The Jerusalem Post

Losing and winning the Temple Mount

- • BY CAROLINE B. GLICK

Last week, Prime Minister Binyamin Netanyahu and his security cabinet caved in to the demands of the PLO and its partners in Hamas, the Islamic Movement, Jordan, Iran and Turkey by agreeing to remove metal detectors and other security screening equipment from the Temple Mount. The equipment was installed last month in response to Palestinia­n incitement and acts of jihadist violence against Israelis, including the murder of two policemen, at Judaism’s holiest site.

After polls showed 77% of Israelis felt he and his cabinet members capitulate­d to terrorism, Netanyahu issued a statement thanking US President Donald Trump’s senior adviser Jared Kushner and Trump’s senior negotiator Jason Greenblatt for their help in resolving the crisis.

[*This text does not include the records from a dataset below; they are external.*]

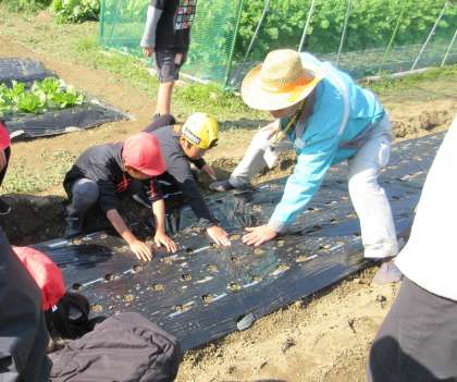 これから苗を植える土の温度を手で感じるひとときもありました。
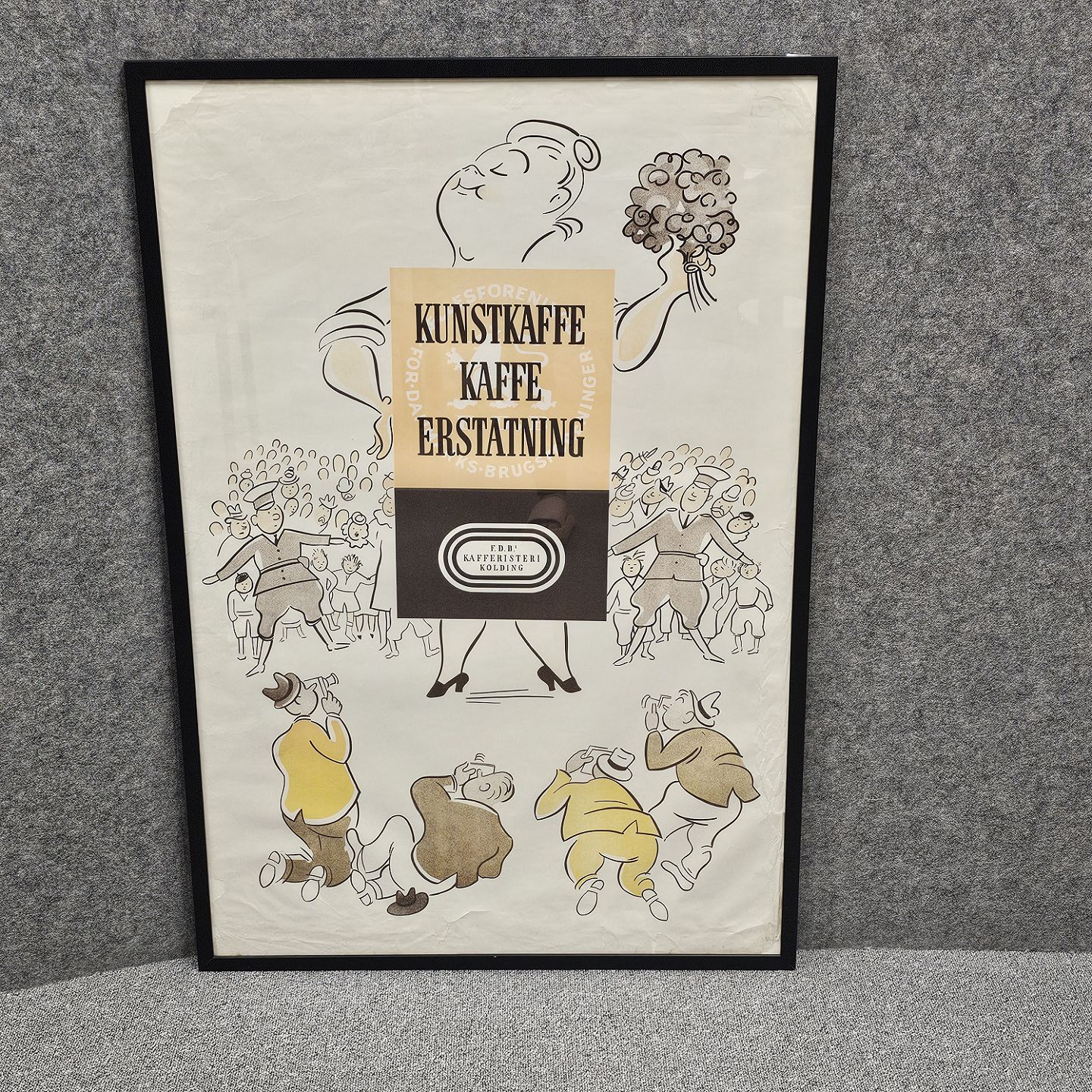Original reklameplakat for FDB kafferisteri Kolding, i nyere professionel udført sort ramme med glas.
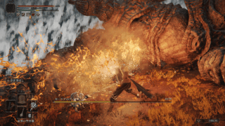 開幕不意打ちの突きをやってきたり、「マルギット」やダクソ3のゲール爺のような視点が上を向くくらい高いジャンプからの攻撃をやってきたりと、初見では強ボス感があったけど
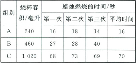 。(3)小明发现$B$组第三次实验时,橡皮泥未完全封住烧杯尖嘴口。为此,增做了第四次实验,测得蜡烛燃烧的时间为29秒。则$B$组蜡烛燃烧的平均时间为
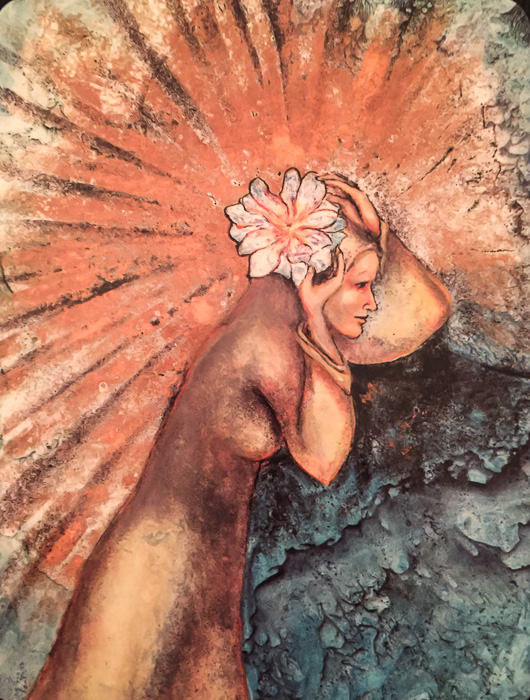 It looks hopeful to me – I’m leaning forward into it, being very serious about it, but at the same time carrying on my shoulder something that looks like a luminous flower radiating out to infinity and giving me energy, strength, and encouragement. There’s a confidence and a sense of rightness about it. But we’ll see. It all feels like a bit of a fantasy at the moment.

The underlying message of Netanyahu’s statement was that he and his ministers folded like a cheap suit to our enemies’ demands, effectivel­y ceding Israeli sovereignt­y over the Temple Mount to our enemies because Kushner and Greenblatt pressured them to do so.

But then this week, a congressio­nal intern did us the favor of surreptiti­ously recording and leaking remarks Kushner made on the issue in off-record remarks to interns at the White House. Kushner’s remarks, which came in response to a question about his role in mediating the Palestinia­n conflict with Israel, were fairly detailed.

Regarding the Temple Mount crisis, Kushner justified Israel’s decision to place metal detectors at the entrance of the Temple Mount. In his words, following the murder of the policemen by terrorists armed with guns smuggled onto the Mount, “putting up metal detectors on the Temple Mount... is not an irrational thing to do.”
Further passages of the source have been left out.